I'm not surprised that consumers in America are spending 10 percent more than in 2009, according to a study by Mint.com. After reading a recent article by CNNMoney about the spending data, I checked my budget records and found I'm spending 30 percent more than I did during the 2009 Great Recession.
Some of the spending increase can be attributed to what I call rebellion spending or frugal fatigue. I just got tired of putting off purchases and rarely treating myself. But some of it is due to the increase costs of food, gasoline and other products.
According to the Mint.com data, the average household spent about $4,200 per month in the first quarter of 2013 compared to about $3,800 in 2009.

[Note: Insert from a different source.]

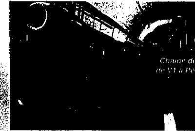
Chaise de montage de V1 à Peenemünde.

Des objets authentiques : témoignages des Alliés ou de l'Axe, les nombreuses pièces ont été sélectionnées dans le souci de rester rigoureusement fidèle à l'histoire sans basculer dans un fétichisme nostalgique.

Shelling out more for staples
Consumers are spending 17 percent more at the grocery store or about an average of $316 a month. I am spending about $500 a month on groceries because I shop at Whole Foods and health food stores. I also shop organic and specialty products at the grocery store around the corner. During the recession, I avoided shopping at high-ender grocers.
Eating out again
I recently went to dinner at a restaurant that I only saw during the lunch hours during the Great Recession. I was only willing to pay for the $6.99 lunch special when money was tight. Now, I find myself loosening up. According to the study, average households spent $212 a month on fast food, restaurants and coffee shops. Consumers are spending 11 percent more on eating out compared to 2009. My budget tracking reveals I'm spending about $400 a month on eating out. People 36 and younger are actually spending 40 percent more on eating out.
Becoming more charitable
The study showed that Americans' charitable donations are up almost 50 percent compared to 2009. I have always respected churches and other organizations that discourage people from paying with credit cards or going into debt in order to make a donation. I feel more comfortable about making donations or giving gifts now that the economy is improving. The average monthly donations jumped from $73 to $107, according to the report. I've never tracked our charitable donations since we don't itemize our taxes or receive a tax break for donations. I typically give out of our discretionary fund.
Other areas that where our spending has loosened include furniture and appliances. We put off not just renovating our home, but performing necessary maintenance and upkeep. We went back to paying for the termite and pest control service as well as making improvements to the landscaping.
Even though I'm spending 30 percent more, I'm not making 30 percent more. In fact, my income has decreased since 2009 since I've received both temporary and permanent pay cuts. Still, we are not getting into debt. I think we cut back so much during the recession out of fear that we were living almost too far below our means. Now, we are at a comfortable place where we can spend more without feeling as though we are jeopardizing our financial security.